Energies, 2025, vol. 18, issue 7, 1-16

Abstract: The accurate estimation of exhaust gas temperature across the turbine is always more important for the optimization of engine performance, ensuring durability of the turbine impeller and catalyst, and reducing and calculating emissions concentration. Traditional physical modeling approaches, based on thermodynamic and fluid dynamics features of gas expansion, can be used for this purpose. However, recent advancements in machine learning, particularly neural networks, offer a data-driven alternative that may enhance prediction accuracy and computational efficiency.

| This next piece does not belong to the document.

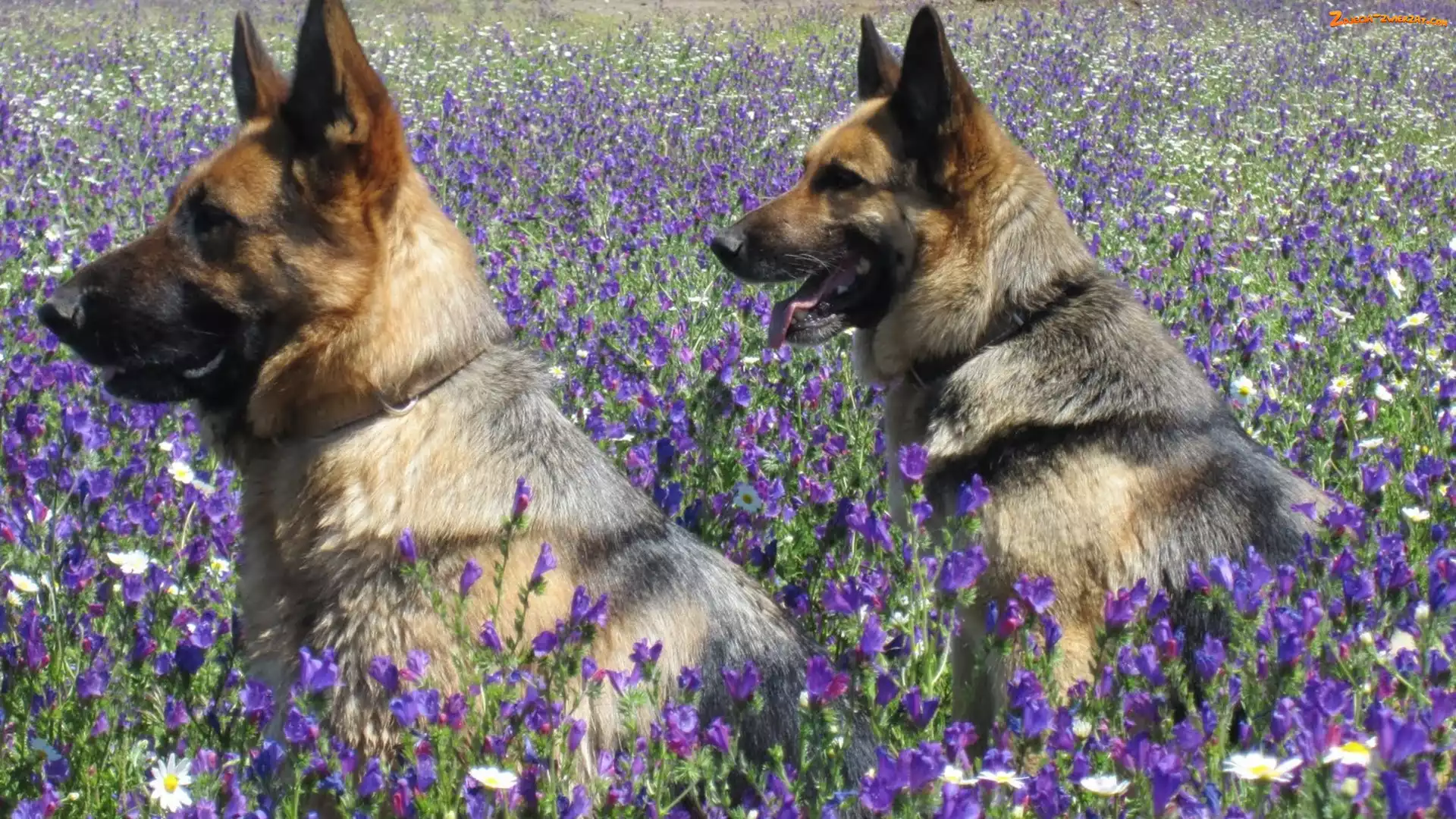 Zdjęcie: Łąka, Dwa, Owczarki Niemieckie

This study presents a methodology that integrates a semi-physical turbine model for estimating the exhaust gas temperature at the turbine outlet with a neural network-based approach for predicting the pressure at the turbine inlet. The model utilizes the exhaust gas temperature upstream of the turbine, a model for which was developed in a previous work of the authors. The models are calibrated with steady-state data and then evaluated based on accuracy and robustness under transient operating conditions on six driving cycles with different features. In this way, robust and reliable validation of the models is presented, since the testing is performed on various conditions not used for model development and calibration. Results show an average root mean square error of 14%, including the initial portions of driving cycles performed with a cold engine. Thus, the developed approach that includes multiple modeling methods shows a good predictivity, which is the main objective of this research activity.

Keywords: neural networks; engine modeling; exhaust gas temperature; turbine; physical approach; simulation (search for similar items in EconPapers)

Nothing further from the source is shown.